CH is equivalent to the statement that $\mathbb R^3$ can be written as $A_x\cup A_y\cup A_z$ where each $A_u$, $u\in\{x,y,z\}$, has a finite intersection with every line parallel to the $u$-axis.

(See http://www.math.wisc.edu/~miller/old/m873-05/setplane.ps, respectively [Simms, John C.; Sierpinski’s theorem. Simon Stevin 65 (1991), no. 1-2, 69–163]. I believe this theorem is proved in Sierpisnki's 1951 paper in Fund. Math. 38, pp. 1--13, but I would have to actually walk to the library to verify this (and decipher enough of the french in the article).)

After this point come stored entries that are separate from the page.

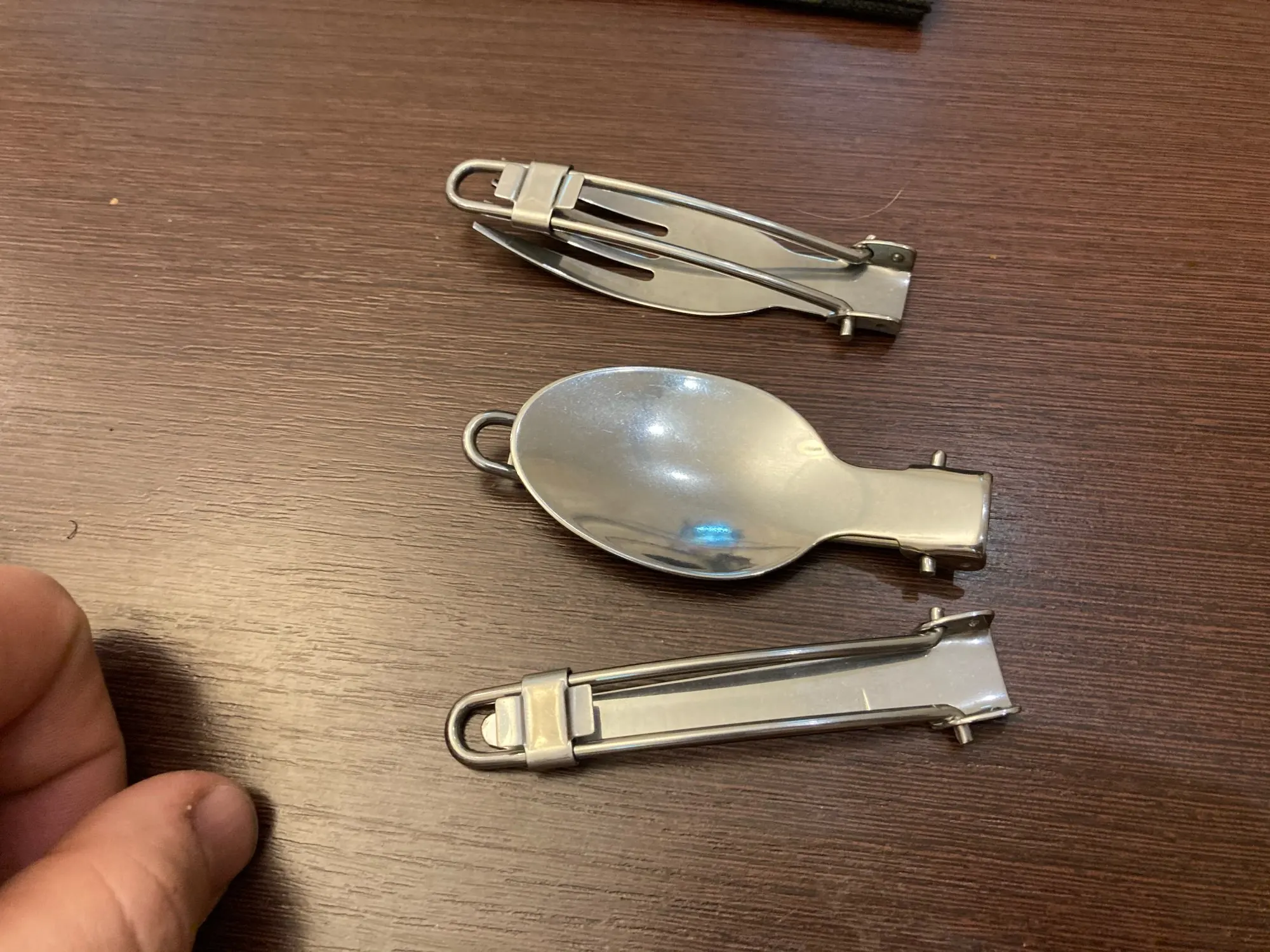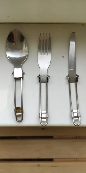 Набор не плохой. Очень похож на вилку и ложку из Сплава, но в сплаве вилка складывается по правильному, а в этом наборе вилка складывается не логично. По толщине очень хорошо. Нож не понятно зачем в таком наборе... Все равно в походе всегда есть рабочий нож и таскать при рабочем ноже складной-барство...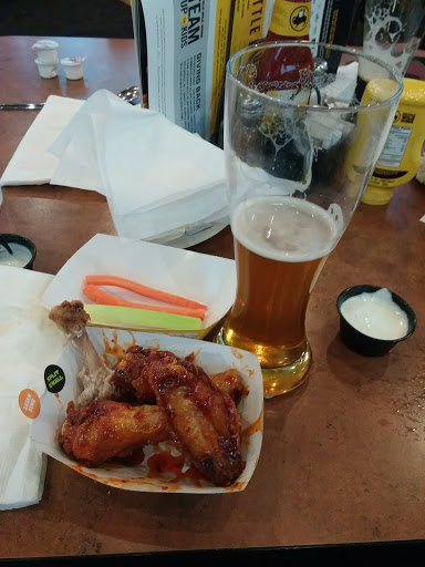 The staff has always been extremely attentive and positive when I dine-in here. The wings are pricey for how many you get but overall theyre satisfying. If your wings come drier than youd like you can ask for them to get re-spun in the sauce which Ive only had to do once. The happy hour is a decent mark down and there seem to be screens covering every inch of the wall for full coverage of almost every game currently on. Ive had constant trouble getting a to-go order correct when dining-out. Never once have I had a correct order for to-go. It wasnt bad food just the wrong order. So if you decide on wings I recommend dining-in.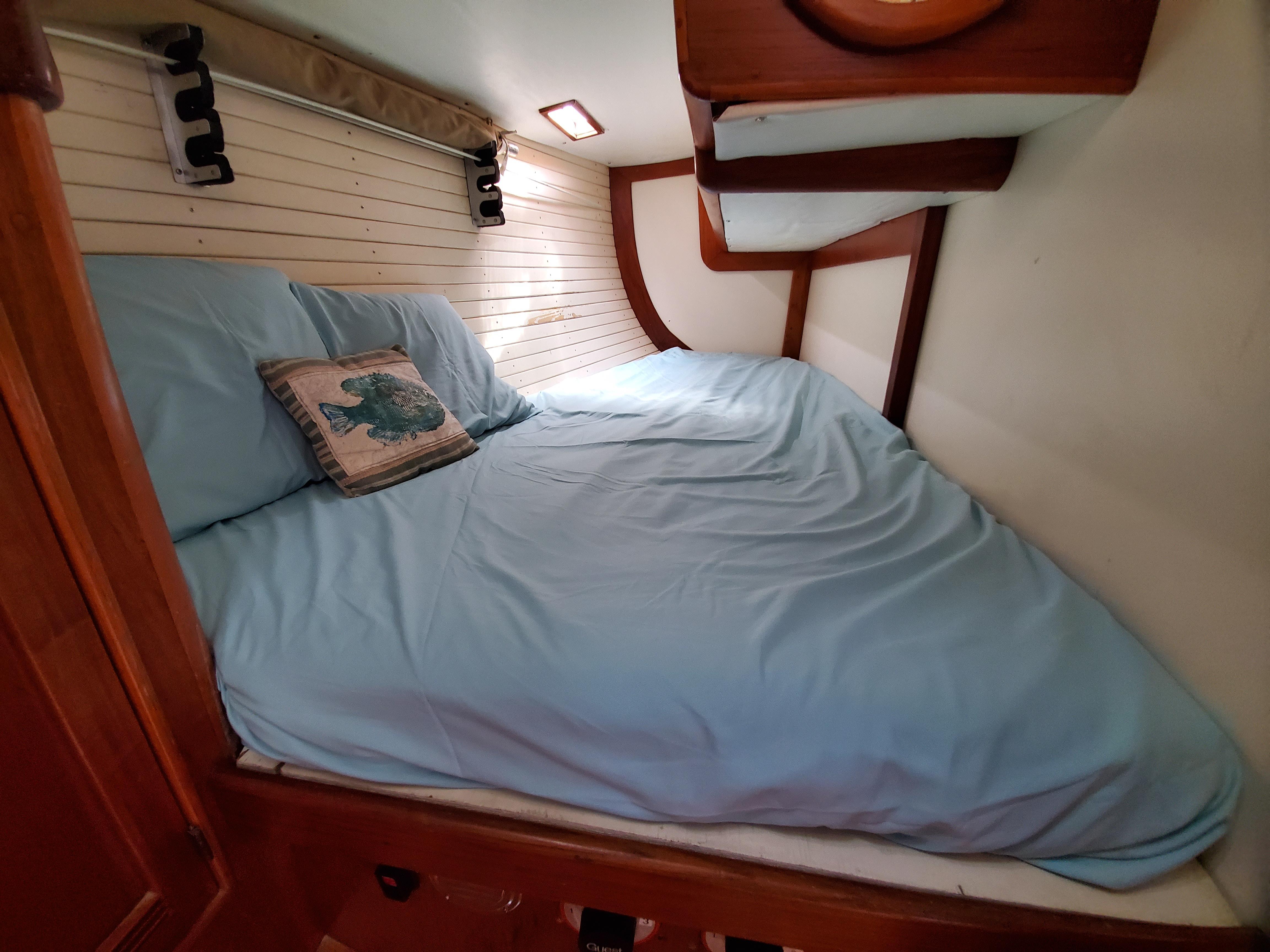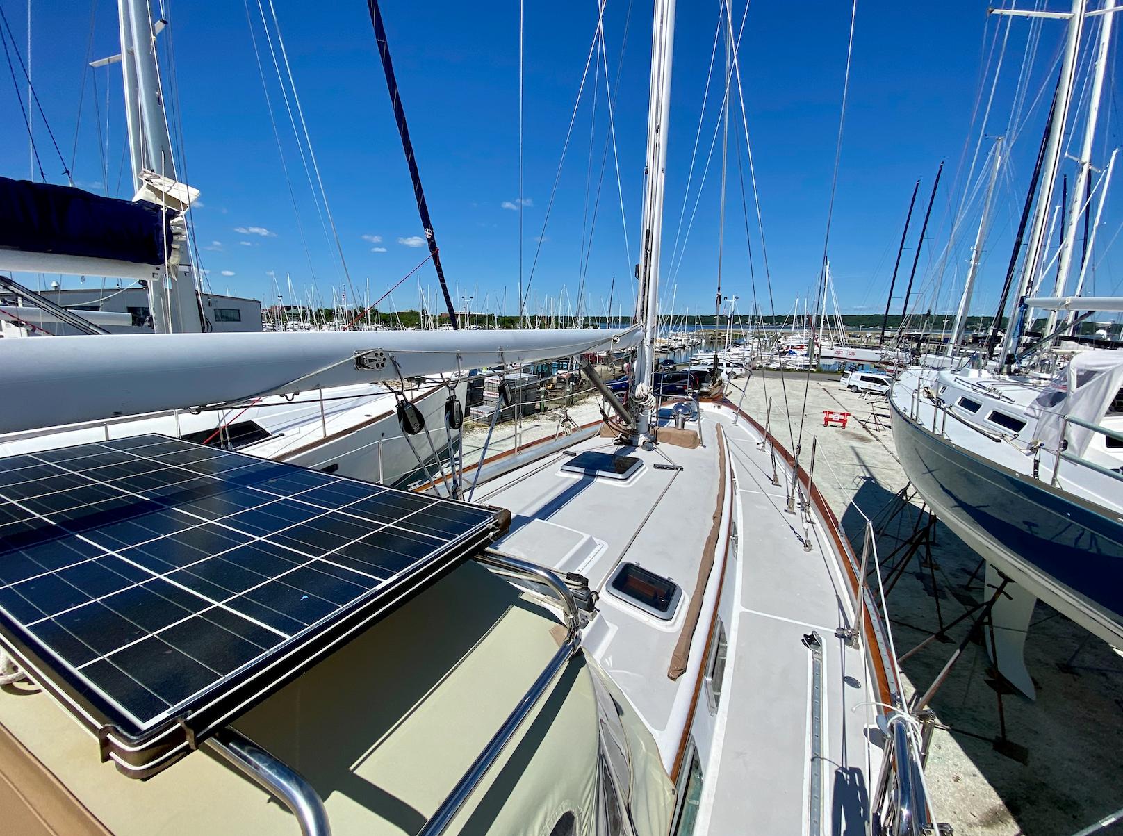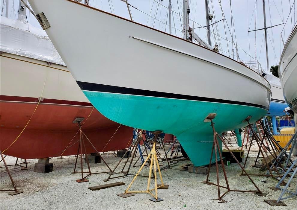 The majority of Cape Dory's sea-kindly boats emerged from the drawing board of Carl Alberg and bear all the hallmarks of his designs, including full keel, attached rudder, and cut-away forefoot. When Cape Dory created the Intrepid 40', however, they were looking for a different design- and for that, they turned to Chuck Paine. As a result, Moonrise has a distinct pedigree, boasting a skeg-hung rudder, a long fin with an original Chuck Paine-designed keel (a cross between a wing and a bulb), a flattened bulb that adds significant stability and stiffness while minimizing draft and drag.
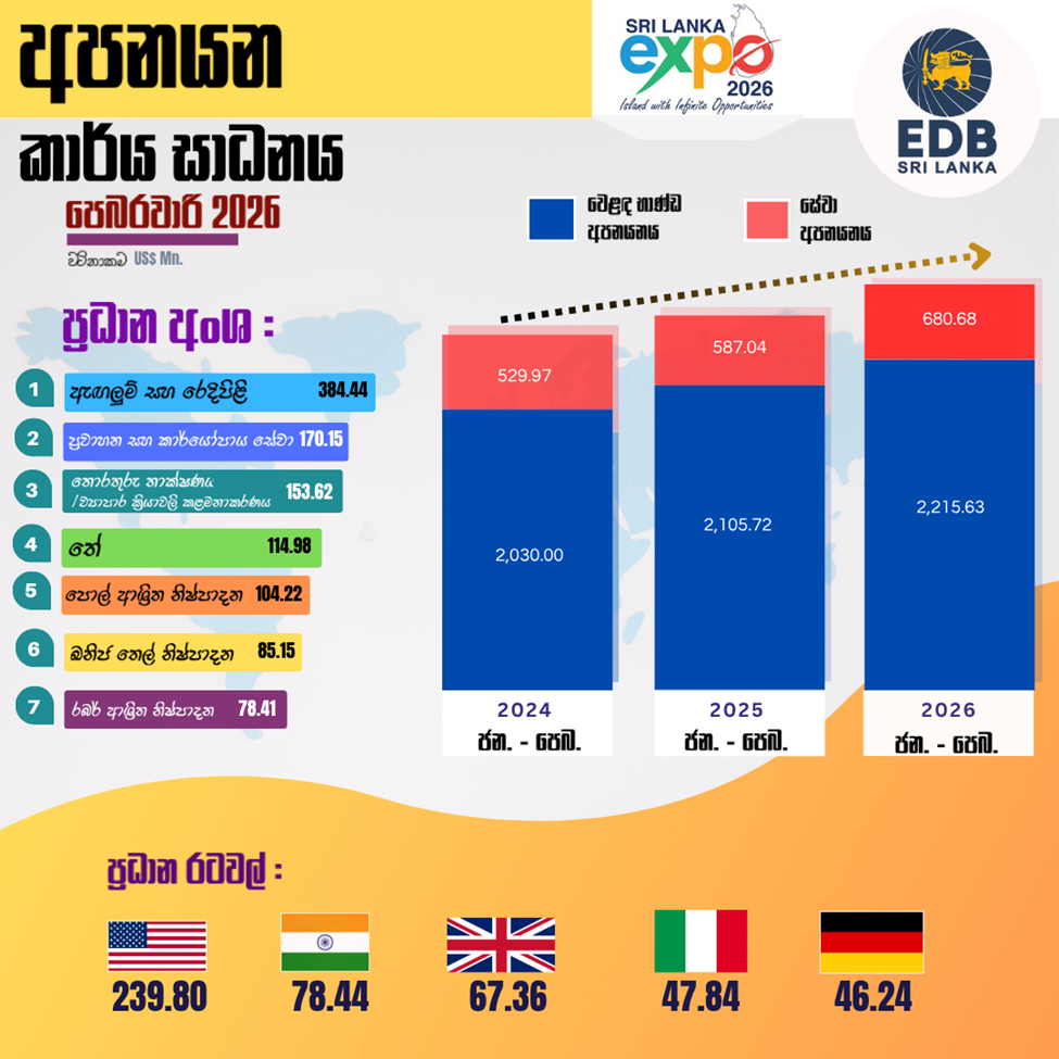 2026 පෙබරවාරි මාසයේදී ශ්‍රී ලංකාවේ අපනයන වර්ධනයක්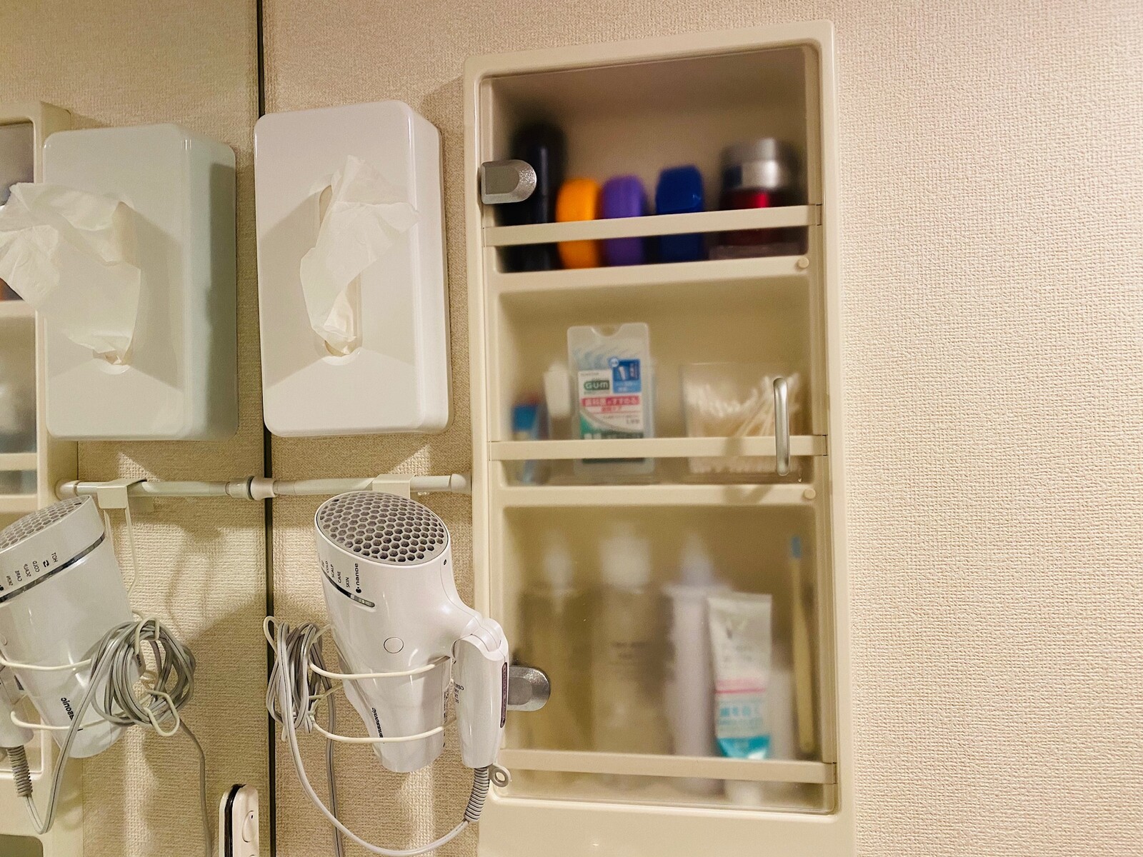 ドライヤーを掛けている上に設置しました。

There is actually a planar version of this result of Sierpinski, due to Komjath. A set $A\subseteq\mathbb R^2$ is a cloud if there is $p\in\mathbb R^2$ such that every line through $p$ meets $A$ in only finitely many points.
CH is equivalent to $\mathbb R^2$ being the union of 3 clouds.

In both cases the striking fact is that we go down from countable to finite, which is somehow less arbitrary, in the light of Joel's comment that the previous constructions can be done in ZFC if countable is replaced by $\lle \lneq 2^{\aleph_0}$.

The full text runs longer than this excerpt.